Présentation de la ZAC de Noisy-Champs au SIMI

La volonté de gommer les frontières physiques s’observe d’abord dans l’objet architectural que constitue la future gare, que l’on doit à l’Agence Duthilleul, spirale posée entre Noisy-le-Grand et Champs, qui aura pour tâche de faciliter aux 150 000 usagers qui la fréquenteront les échanges entre les différentes lignes, établies entre -21 mètres de profondeur pour la ligne 16, - 13,5 mètres pour la ligne 15, les niveaux accueillant le RER A, et finalement la surface.

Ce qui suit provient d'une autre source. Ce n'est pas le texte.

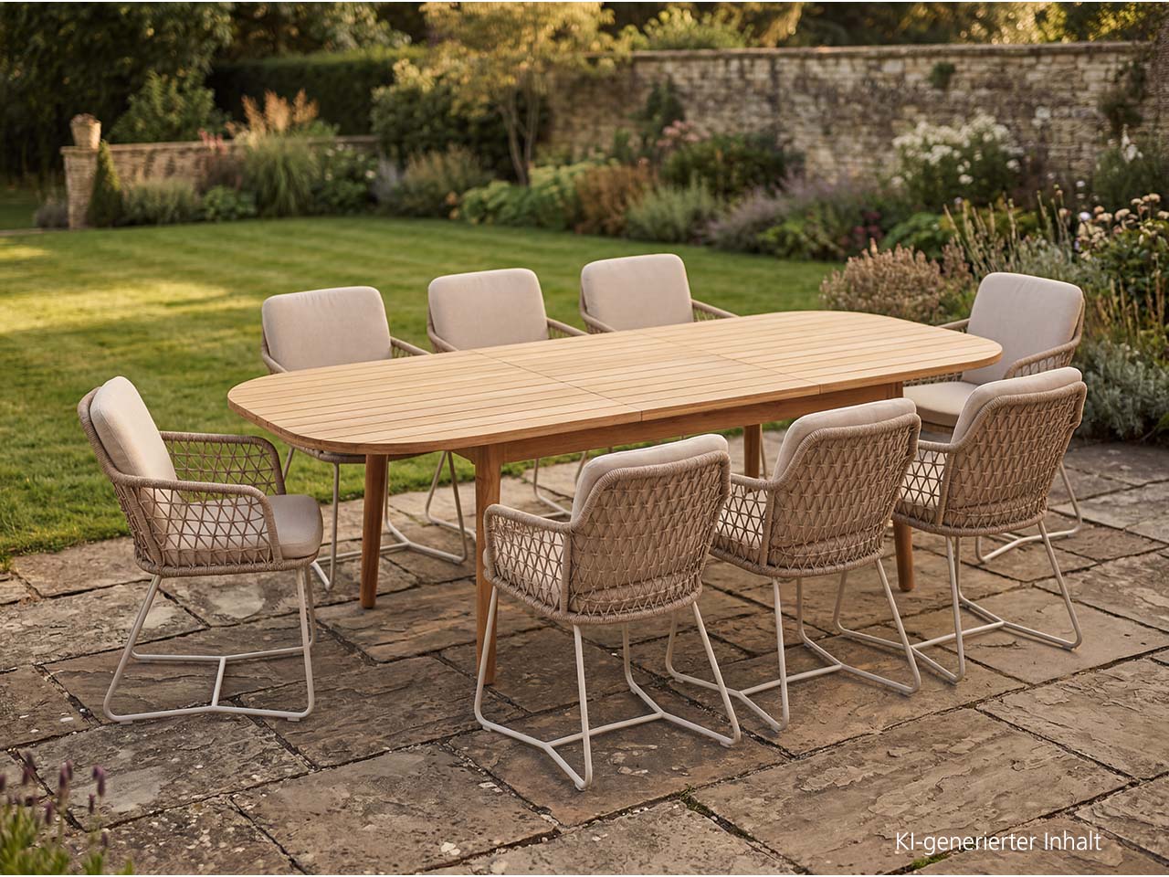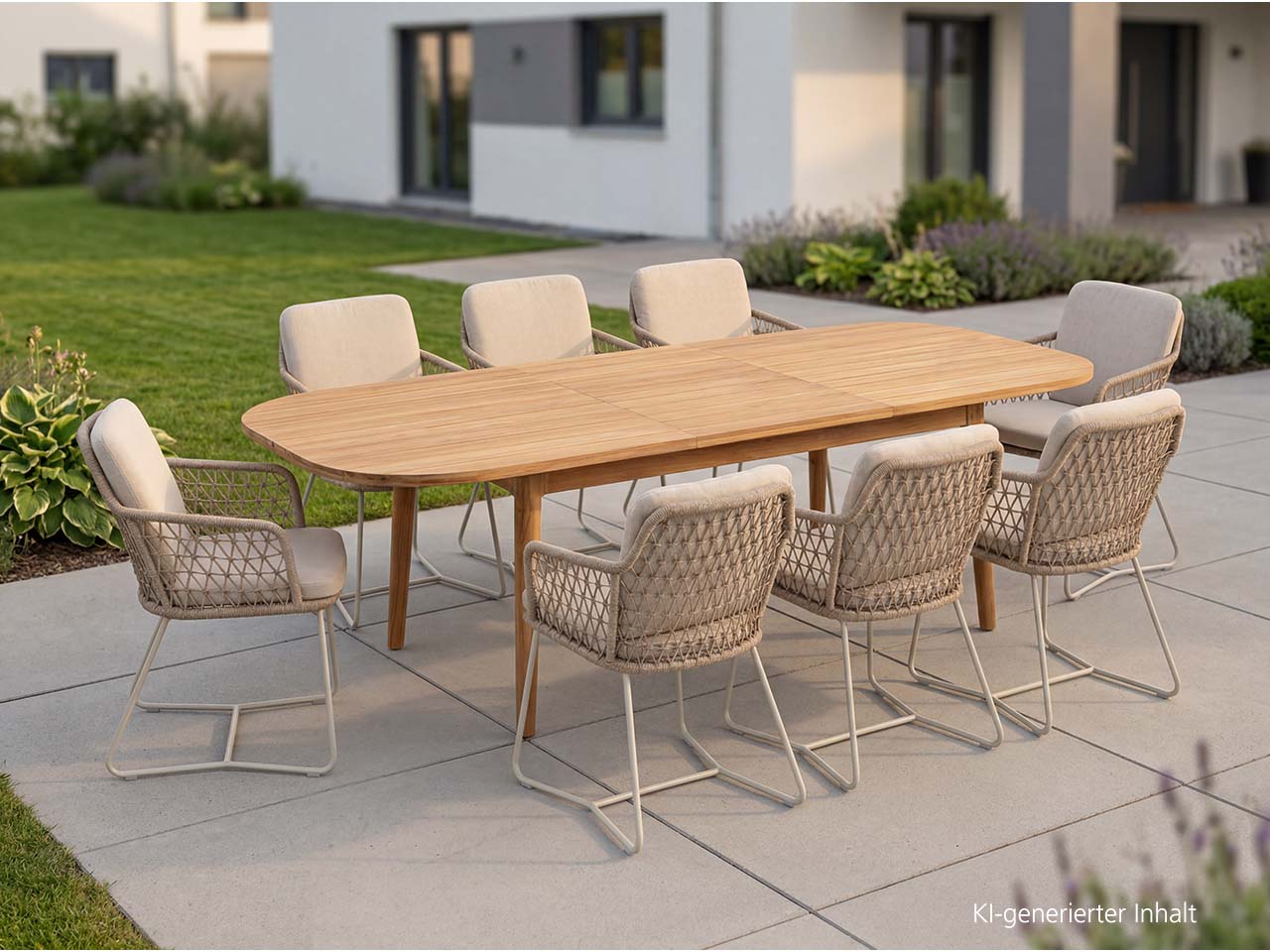 Jetzt kann die ganze Familie eingeladen werden! An diesem Gartentisch finden alle Platz – er lässt sich nämlich ausziehen. Dank fein gemasertem, robustem Akazienholz überzeugt der Tisch mit einer wetterfesten, natürlichen Qualität. Die acht Gartensessel passen mit ihrem filigranen Gestell perfekt zu dem Tisch mit abgerundeten Formen. Ein weiches Sitz- und Rückenkissen sorgt für hohen Sitzkomfort beim Draußensitzen.

Présentation de la ZAC de Noisy-Champs au SIMI

Paradoxalement, c’est peut-être au niveau de la surface que se situent les enjeux les plus importants. L’emprise du chantier des lignes 15 et 16, s’étendant sur un linéaire de près de 2 km entre Noisy-le-Grand et Champs-sur-Marne, a exacerbé la coupure physique qui existait entre les deux communes, bien visible sur la vue aérienne.

En effet, Noisy-le-Grand et Champs-sur-Marne s’avèrent actuellement séparés par le Boulevard du Ru de Nesle, infrastructure routière au caractère peu urbain avec un profil à 2 X 2 voies, un trafic important et une vitesse des véhicules que les feux et autres dispositifs de gestion dynamique avaient du mal à limiter.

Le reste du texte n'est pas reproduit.